Lesson 4: CAP Theorem & Consistency#
The CAP Theorem#
Proposed by Eric Brewer, the CAP theorem states that a distributed data store can only provide two of the following three guarantees:
- Consistency (C): Every read receives the most recent write or an error. All nodes see the same data at the same time.
- Availability (A): Every request receives a (non-error) response, without the guarantee that it contains the most recent write.
- Partition Tolerance (P): The system continues to operate despite an arbitrary number of messages being dropped or delayed by the network between nodes.

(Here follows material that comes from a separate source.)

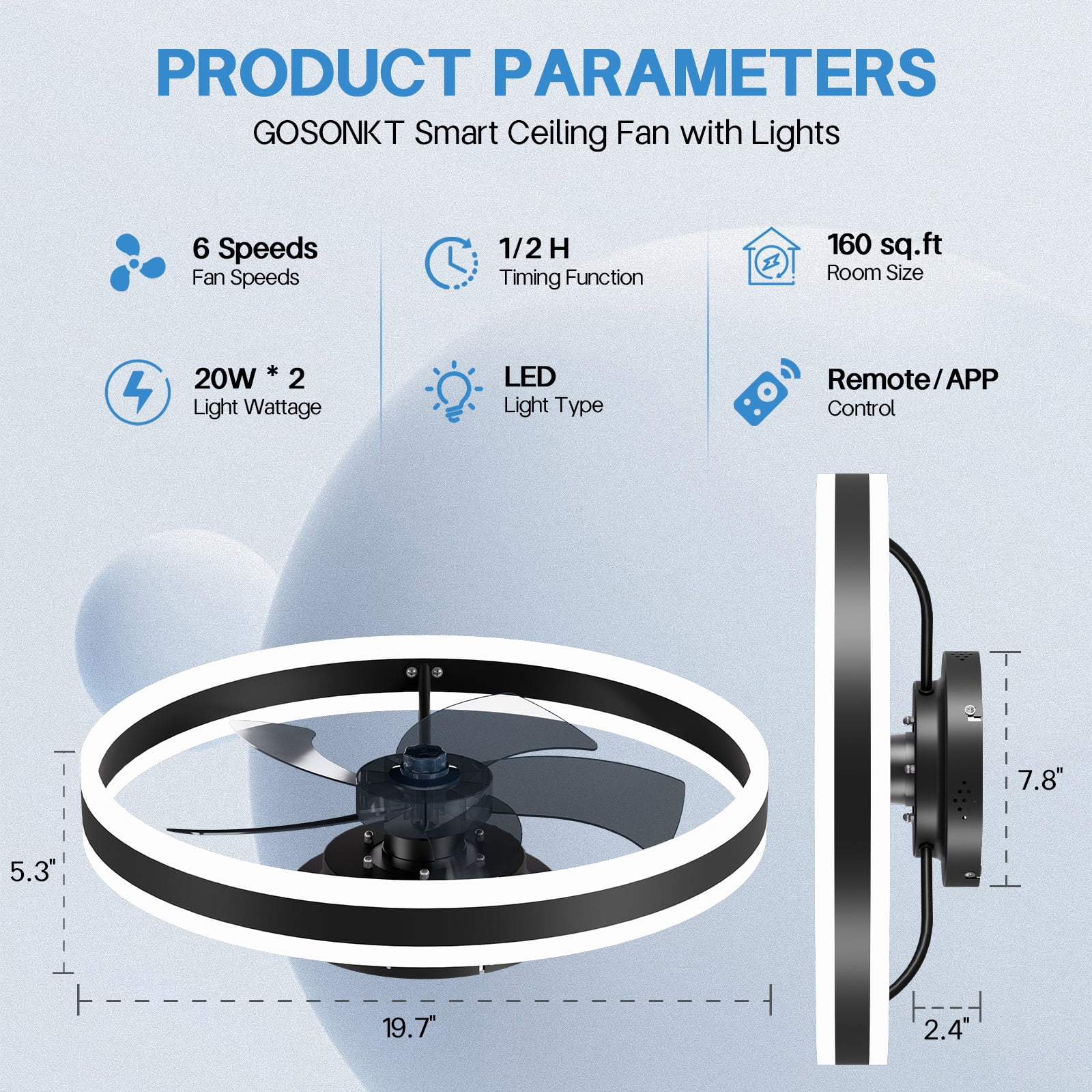 【20″ PERFECT SIZE DESIGN】 The size of the ceiling fan with lights is 20 inches, suitable for rooms of 15-30㎡, this fan light is designed with high light transmittance acrylic, which can make your room look more stylish and bright. It can perfectly decorate your bedroom, living room, dining room, kitchen, apartment, office, hallway, etc. 【SMART APP/REMOTE CONTROL】 SURNIE ceiling fans can be controlled via APP(iOS and Android) or remote control. You can easily control the light color, brightness, fan speed(6 speeds) and timing settings through the APP or remote control. You also can select different modes including summer/winter, normal/night light mode. 【POWERFUL/QUIET MOTOR】 The DC motor ceiling fan is quiet and runs smoothly, provide 6 kinds of wind speeds, which can make indoor air more circulated, and create a quiet and comfortable sleeping environment for you and your family. 【SUPER BRIGHT/ENERGY SAVING】 Unlike traditional fan lights, this newly designed fan light does not require additional bulbs, we use high-quality LED beads, super bright, energy-saving and eye protection, never need to replace the light source. 【MEMORY FUNCTION】 When the fan light is turned on, it will restore the light color and brightness before the last time it was turned off, you can customize the color and brightness of the fan light for your next use. 【EASY TO INSTALL】 Most functional components have been assembled, so you are able to finish the installation within a few minutes. 【EXCELLENT AFTER-SALES SERVICE】 All our products include 12-Months Worry-Free Warranty. Please contact us freely if you have any dissatisfaction with our products, we will provide you with the best service, your comments and suggestions are our driving force.

The Reality: P is Mandatory#
In a distributed system, network partitions (P) are inevitable. Therefore, you must choose between Consistency (CP) and Availability (AP) when a partition occurs.
- CP (Consistency + Partition Tolerance): Wait for data to sync. If a node is unreachable, return an error. (e.g., Banking systems).
- AP (Availability + Partition Tolerance): Return the most recent version of data available, even if it might be stale. (e.g., Social media feeds).
Consistency Models#
- Strong Consistency: Once a write is confirmed, all subsequent reads see that value.
- Eventual Consistency: If no new updates are made, eventually all accesses will return the last updated value. (Common in AP systems).
🛠️ Sruja Perspective: Documenting Guarantees#
When defining data stores in Sruja, it is helpful to document their consistency guarantees, especially for distributed databases.
architecture "Global User Store" {
system DataLayer "Data Layer" {
container UserDB "User Database" {
technology "Cassandra"
// Explicitly stating the consistency model
description "configured with replication factor 3. Uses eventual consistency for high availability."
// You could also use custom tags
tags ["AP-System", "Eventual-Consistency"]
}
container BillingDB "Billing Database" {
technology "PostgreSQL"
description "Single primary with synchronous replication to ensure strong consistency."
tags ["CP-System", "Strong-Consistency"]
}
}
}